In the scoring system vertical Japanese is given 80% of Global Language Support marks. We understand this is pushed by the "Manga" brigade and is important in Japan and at the time of authoring Sony was strongly supporting ePub3. However this should NOT have the same marks weightage as Navigation. Looking at languages that are actually spoken by reasonable numbers of people this should be something like 1%. This type of  feature mis-weighting just lowers the value of everything. There is absolutely no reason vertical Japanese should be a required feature if a reading system is not being promoted for use in Japan.

There is a pointlessness commenting on the IDPF aePub3 specification and "initiatives". But if you care about delivering content, especially education content it is important to stay engaged.

With ePub3 the IDPF pushed more wrong buttons than right buttons. They were of course victims of radical market changes... the death of the autonomous reading device and emergence of tablets and large smart phones. With AZARDI we have been highly selective and rationalized the features supported. The focus, like the AAP, is on the sensible parts of the specification that are HTML5 and forward looking. Anyone who says they are supporting the full ePub3 specification is not serious about digital publishing content. They are distraught technophobes

The ePub3 spec pretty much encapsulates the state of e-reading systems before the advent of tablets and smartphones. The timing for irrelevance was perfect.


The value of ePub3 for publishers is a reasonably competent and  consistently defined packaging and navigation structure. The rest of the specification is lost in a pointless 2007 reading device hole.

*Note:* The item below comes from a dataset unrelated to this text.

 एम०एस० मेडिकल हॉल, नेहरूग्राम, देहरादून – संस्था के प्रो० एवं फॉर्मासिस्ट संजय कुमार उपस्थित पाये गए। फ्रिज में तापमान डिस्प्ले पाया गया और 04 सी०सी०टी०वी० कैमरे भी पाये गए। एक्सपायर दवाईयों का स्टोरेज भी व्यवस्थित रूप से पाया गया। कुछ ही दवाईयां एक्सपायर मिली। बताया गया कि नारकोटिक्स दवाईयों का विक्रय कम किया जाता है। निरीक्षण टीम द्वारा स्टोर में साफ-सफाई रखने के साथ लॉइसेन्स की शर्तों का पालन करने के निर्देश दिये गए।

  • It would have been good if more effort had gone into testing the test cases to ensure they were all correct. However the overall quality is higher and more relevant than the notional ePub3 test books on the IDPF site. So that is a step forward.
  • It would have been good to see alignment between the publishing industry stated priority features and the point system. This would have been a significant industry building step. For example the AAP list of 10 could have been used as the primary features, and the IDPF members' idiomatic features tagged on the bottom.
  • The marking system is opaque (to be kind) to the point of uselessness. It provides no tools or intelligence on reading system usefulness or actual ePub3 specification usefulness.
  • The fact that the IDPF did make an effort on these test cases after only nearly three years probably reflects the importance of this to the publishing industry and of course the various IDPF members. EPub3 is such an also-ran in the digital content world of 2014. Where is the credulity? Certainly not in the actions of the IDPF.

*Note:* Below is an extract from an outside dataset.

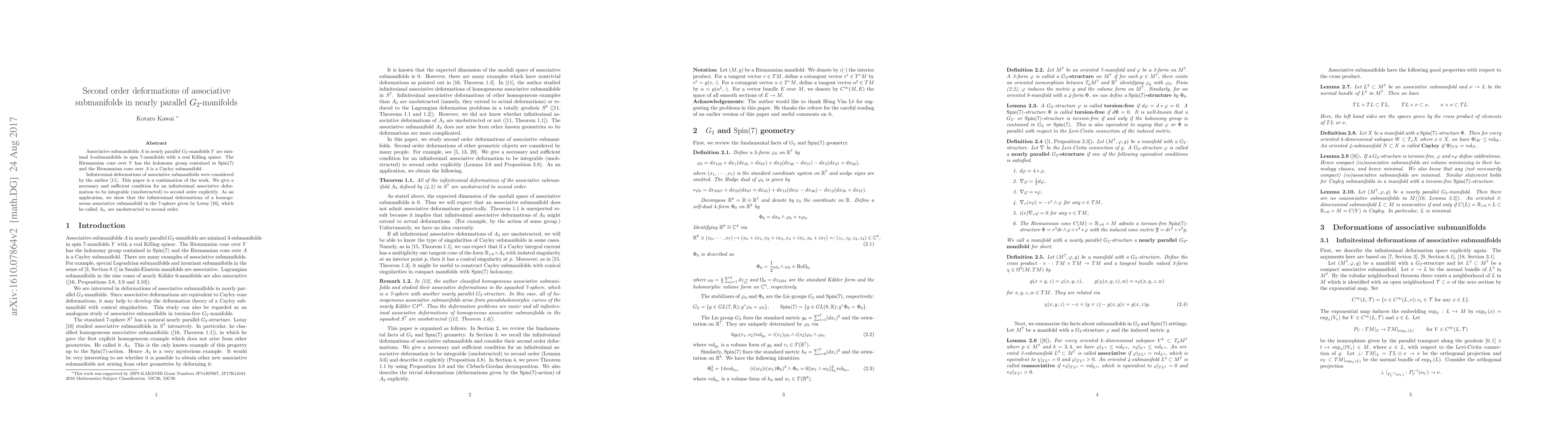 Associative submanifolds $A$ in nearly parallel $G_2$-manifolds $Y$ are minimal 3-submanifolds in spin 7-manifolds with a real Killing spinor. The Riemannian cone over $Y$ has the holonomy group contained in ${\rm Spin(7)}$ and the Riemannian cone over $A$ is a Cayley submanifold. Infinitesimal deformations of associative submanifolds were considered by the author. This paper is a continuation of the work. We give a necessary and sufficient condition for an infinitesimal associative deformation to be integrable (unobstructed) to second order explicitly. As an application, we show that the infinitesimal deformations of a homogeneous associative submanifold in the 7-sphere given by Lotay, which he called $A_3$, are unobstructed to second order.

I see articles about Apps vs. e-books from time to time such as this article "Five Myths About Book Apps" by Karen Robertson. Meanwhile AZARDI in ePub3 and E0 modes can show any content in an App-like manner as it has scripting, SVG, MathML, fixed, scrolling and reflowing layout. That is because we decided to select "the" useful and sensible features from the arcane ePub3 specification, ignore the un-needed features, step around the un-wanted features and get down to business way back in 2011.

You can download the free Desktop version of AZARDI here. Take a look at some of our sample ePub3 books and E-Book Zero books to see just what can be done when you eliminate annoying print-book trim.

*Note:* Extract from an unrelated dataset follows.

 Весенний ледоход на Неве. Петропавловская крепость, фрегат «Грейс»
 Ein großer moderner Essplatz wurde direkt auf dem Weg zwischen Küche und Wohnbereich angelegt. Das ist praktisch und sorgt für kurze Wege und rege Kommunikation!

AZARDI ticks off the AAP priority list and of course adds real Internationalization support. We are now working on 206 languages as mentioned in the previous post. This is an exciting new dimension to accessibility that digital content delivers. Of course that means fonts are very important.

So I guess now we just have to wait for Reading systems based on the IDPF Readium API project underway and see if that makes any difference for anyone.